These days, the act or reacting is everywhere. Twitter is essentially one giant stream of people’s snappy takes on current events. An entire cottage industry of YouTube reaction videos thrives. Twitch allows you to watch thousands of people around the world narrating video games.
Go back in time, though, and you won’t find too much in the way of reacting-as-entertainment. That, is, except for Mystery Science Theater 3000, the quirky, groundbreaking TV show that premiered on a small Minnesota TV station in 1988.
The show’s premise was wonderfully bizarre: a guy and two robots stuck on a spaceship, forced to watch bad movies and coping by wisecracking their way through the films. Aside from some comic segues, the bad movie was essentially the entirety of the show, plus witty remarks by show creator Joel Hodgson and his two robots, Tom Servo and Crow. It predated even DVD commentary tracks, and presaged the way we consume entertainment today.

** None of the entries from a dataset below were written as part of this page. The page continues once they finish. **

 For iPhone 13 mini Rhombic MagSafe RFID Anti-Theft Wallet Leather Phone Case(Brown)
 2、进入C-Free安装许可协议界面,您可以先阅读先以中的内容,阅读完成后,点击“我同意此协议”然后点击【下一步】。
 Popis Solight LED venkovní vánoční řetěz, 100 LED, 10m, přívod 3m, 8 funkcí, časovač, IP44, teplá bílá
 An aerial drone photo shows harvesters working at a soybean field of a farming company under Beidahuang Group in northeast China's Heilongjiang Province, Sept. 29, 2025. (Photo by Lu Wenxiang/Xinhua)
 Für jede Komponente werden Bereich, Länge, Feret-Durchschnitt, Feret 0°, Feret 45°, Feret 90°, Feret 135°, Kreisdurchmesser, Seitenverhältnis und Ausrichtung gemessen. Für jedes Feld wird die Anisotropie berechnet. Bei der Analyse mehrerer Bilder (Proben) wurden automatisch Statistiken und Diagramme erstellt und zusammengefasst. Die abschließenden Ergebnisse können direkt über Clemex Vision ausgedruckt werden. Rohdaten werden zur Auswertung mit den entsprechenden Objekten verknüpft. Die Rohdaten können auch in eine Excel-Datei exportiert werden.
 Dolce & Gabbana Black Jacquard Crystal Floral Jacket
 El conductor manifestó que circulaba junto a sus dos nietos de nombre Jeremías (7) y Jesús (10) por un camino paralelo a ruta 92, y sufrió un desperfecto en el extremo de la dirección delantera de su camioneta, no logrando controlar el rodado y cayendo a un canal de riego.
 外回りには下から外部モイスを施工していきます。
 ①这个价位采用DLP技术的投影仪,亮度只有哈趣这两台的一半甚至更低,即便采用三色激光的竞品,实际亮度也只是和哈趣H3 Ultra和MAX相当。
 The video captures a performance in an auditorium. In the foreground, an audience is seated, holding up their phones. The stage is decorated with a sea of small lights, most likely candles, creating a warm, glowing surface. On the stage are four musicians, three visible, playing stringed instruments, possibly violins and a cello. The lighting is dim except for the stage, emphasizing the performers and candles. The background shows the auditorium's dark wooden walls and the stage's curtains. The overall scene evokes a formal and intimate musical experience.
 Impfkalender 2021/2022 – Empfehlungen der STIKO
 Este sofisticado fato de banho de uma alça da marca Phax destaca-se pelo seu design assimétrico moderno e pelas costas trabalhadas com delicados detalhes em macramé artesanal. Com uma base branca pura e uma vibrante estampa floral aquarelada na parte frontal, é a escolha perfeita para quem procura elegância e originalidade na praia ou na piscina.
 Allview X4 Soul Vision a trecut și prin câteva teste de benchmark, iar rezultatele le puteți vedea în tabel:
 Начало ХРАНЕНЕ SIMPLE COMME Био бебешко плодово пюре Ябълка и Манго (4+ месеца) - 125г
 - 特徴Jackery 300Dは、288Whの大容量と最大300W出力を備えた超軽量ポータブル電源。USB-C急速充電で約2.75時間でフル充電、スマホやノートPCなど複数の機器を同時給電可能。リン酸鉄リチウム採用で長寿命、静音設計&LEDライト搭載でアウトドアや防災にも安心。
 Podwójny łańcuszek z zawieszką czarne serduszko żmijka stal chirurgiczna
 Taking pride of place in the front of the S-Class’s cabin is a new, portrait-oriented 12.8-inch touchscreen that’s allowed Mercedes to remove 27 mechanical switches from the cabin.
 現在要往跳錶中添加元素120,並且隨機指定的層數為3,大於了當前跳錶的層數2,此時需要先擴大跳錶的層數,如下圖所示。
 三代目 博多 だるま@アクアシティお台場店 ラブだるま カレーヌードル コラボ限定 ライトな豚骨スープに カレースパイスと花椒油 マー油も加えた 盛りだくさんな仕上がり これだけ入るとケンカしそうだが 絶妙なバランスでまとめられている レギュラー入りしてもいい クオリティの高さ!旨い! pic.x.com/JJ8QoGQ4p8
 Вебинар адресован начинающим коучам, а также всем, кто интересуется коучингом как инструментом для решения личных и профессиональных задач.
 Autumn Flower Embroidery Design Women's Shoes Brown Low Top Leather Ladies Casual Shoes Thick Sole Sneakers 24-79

A live version of Mystery Science Theater 3000 comes to San Francisco for two nights this weekend. For the diehard, day-one fans, the shows include Hodgson, along with new cast members, mocking terrible films. Hodgson is calling it his last Mystery Science Theater tour—he’s been on and off the road since the show was crowdfunded to resurrection on Netflix in 2017—and, in a short phone conversation from the road, he says he means it.
“I’m turning 60 next month,” Hodgson says. “My whole job now is to work with the brand and get it ready for the next guy.”